996 P.2d 125, 196 Ariz. 324, 316 Ariz. Adv. Rep. 12, 2000 Ariz. App. LEXIS 30
CourtCourt of Appeals of Arizona
DecidedFebruary 29, 2000
Docket1 CA-CR 98-1024
StatusPublished
Cited by39 cases

This text of 996 P.2d 125 (State v. Valle) is published on Counsel Stack Legal Research, covering Court of Appeals of Arizona primary law. Counsel Stack provides free access to over 12 million legal documents including statutes, case law, regulations, and constitutions.

Bluebook
State v. Valle, 996 P.2d 125, 196 Ariz. 324, 316 Ariz. Adv. Rep. 12, 2000 Ariz. App. LEXIS 30 (Ark. Ct. App. 2000).

Opinion

OPINION

BEECH, Judge.

¶ 1 Defendant Jesus Gilbert Valle, Jr., appeals his convictions and sentences on one count of possession of marijuana and one count of possession of drug paraphernalia, both class six felonies.
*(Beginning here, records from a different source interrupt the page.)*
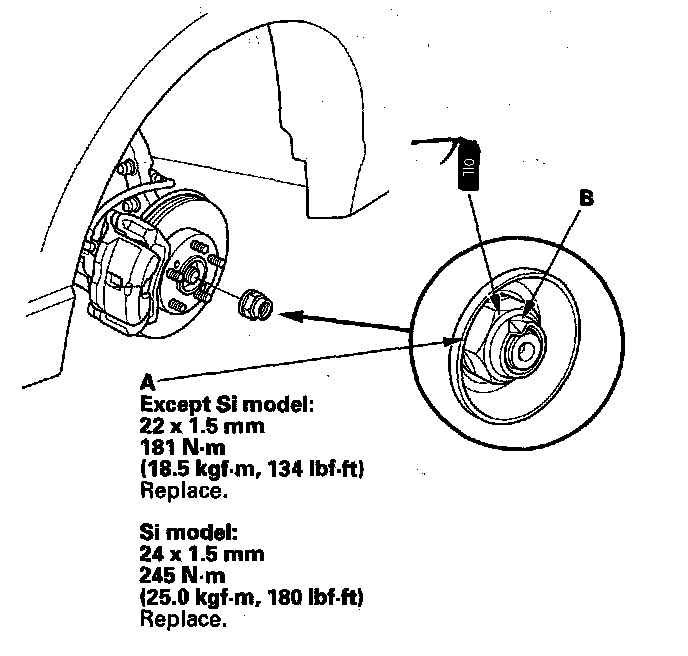 9. Install a new spindle nut, then tighten the nut. After tightening, use a drift to stake the spindle nut shoulder (B) against the driveshaft.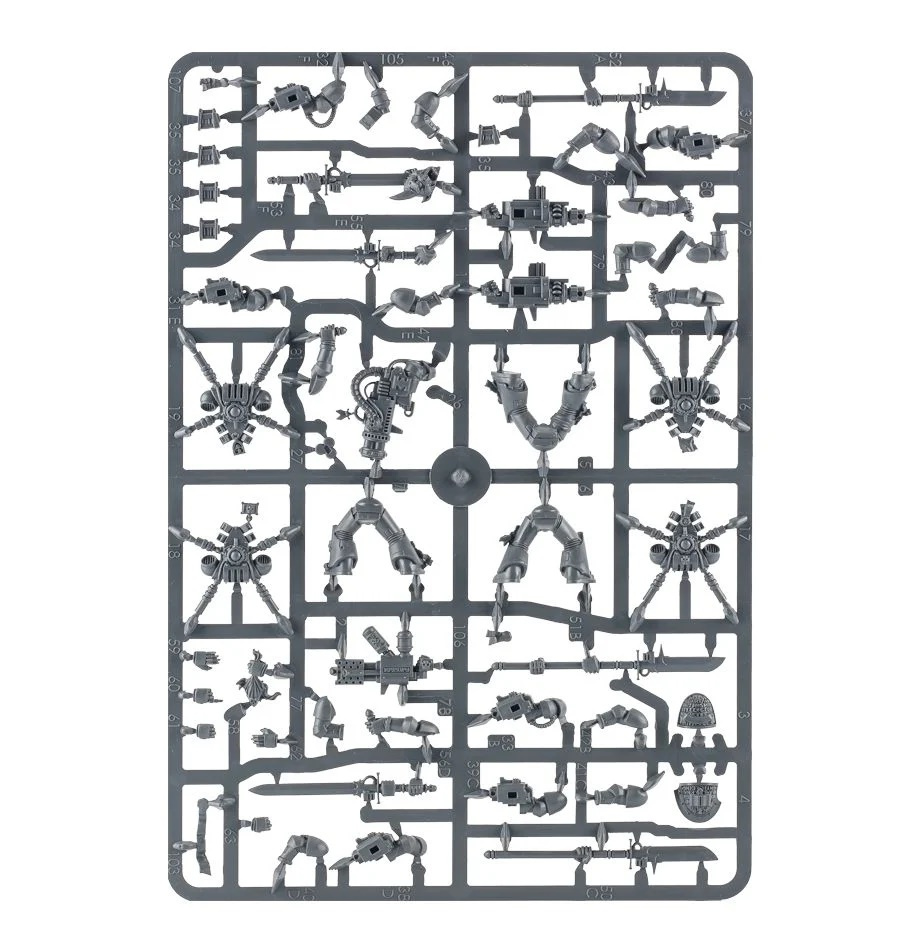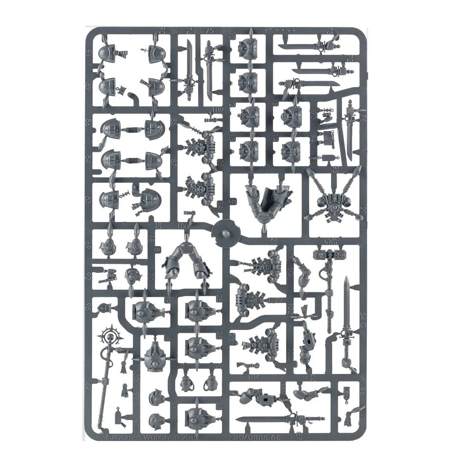 Ten wieloczęściowy zestaw w plastikowym pudełku zawiera 236 elementów i 10 okrągłych podstawek Cytadela 32mm, z których można zbudować oddział uderzeniowy Grey Knight.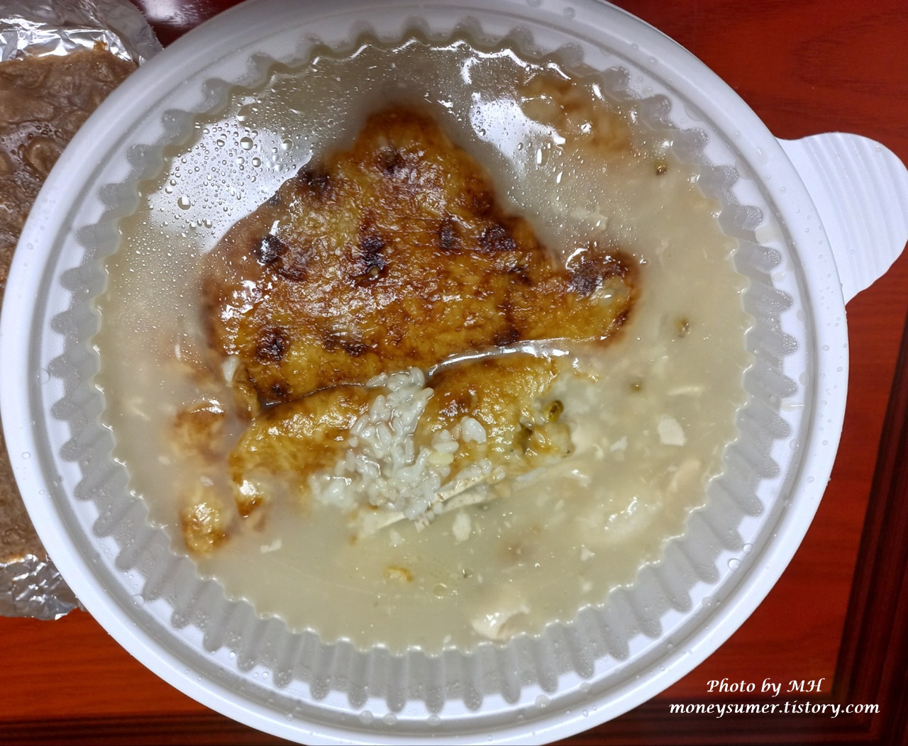 누룽지백숙을 주문하면 서비스로 주는 도토리 전이예요~ 포장을 해서 그런지 조금 눅눅해지긴 했지만 부드러운 도토리 전이 너무 맛있어요. 음식점에서 막 나온 전을 먹어야 더 맛있을 텐데 아이들이 이제는 식당가기를 귀찮아하는지라~ㅠ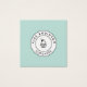 Um cartão de visita moderno retrô com um logotipo circular preto e branco na frente, sobre um fundo azul pastel macio. A cor de fundo pode ser alterada para qualquer coisa que corresponda à sua empresa. Isso seria perfeito para qualquer um que assar cupcakes, tem um compro de bolo ou uma padaria de bolo de casamento.

Defendant’s sole argument on appeal is that the trial court erred in denying his motion to suppress the marijuana and rolling papers seized from his person. He maintains that these items were discovered by the police during a “pat down” that exceeded the scope permitted by Terry v. Ohio, 392 U.S. 1, 88 S.Ct. 1868, 20 L.Ed.2d 889 (1968), and that the police had no other legitimate basis for conducting the warrant-less search. Because we agree with Defendant that the arresting officer unlawfully seized both the drugs and the drug paraphernalia, we reverse Defendant’s convictions.

FACTS

¶ 2 On the evening of July 18, 1997, police officers assigned to the Arizona State Gang Task Force were patrolling the Town of Guadalupe, conducting traffic stops of vehicles in an area known for gang activity. Task Force Officer David Barnes and his partner stopped Defendant’s vehicle upon observing that it had a cracked windshield and that its license plate was not illuminated. In addition to Defendant, who was the driver, the vehicle carried two passengers. After initiating the stop, Officer Barnes noticed that Defendant smelled of marijuana. Offi *326 cer Barnes asked Defendant for his driver’s license and requested that he step out of the car. Once Defendant was standing outside the vehicle, Officer Barnes asked him if he was carrying “any marijuana or contraband.” Defendant replied that he was not.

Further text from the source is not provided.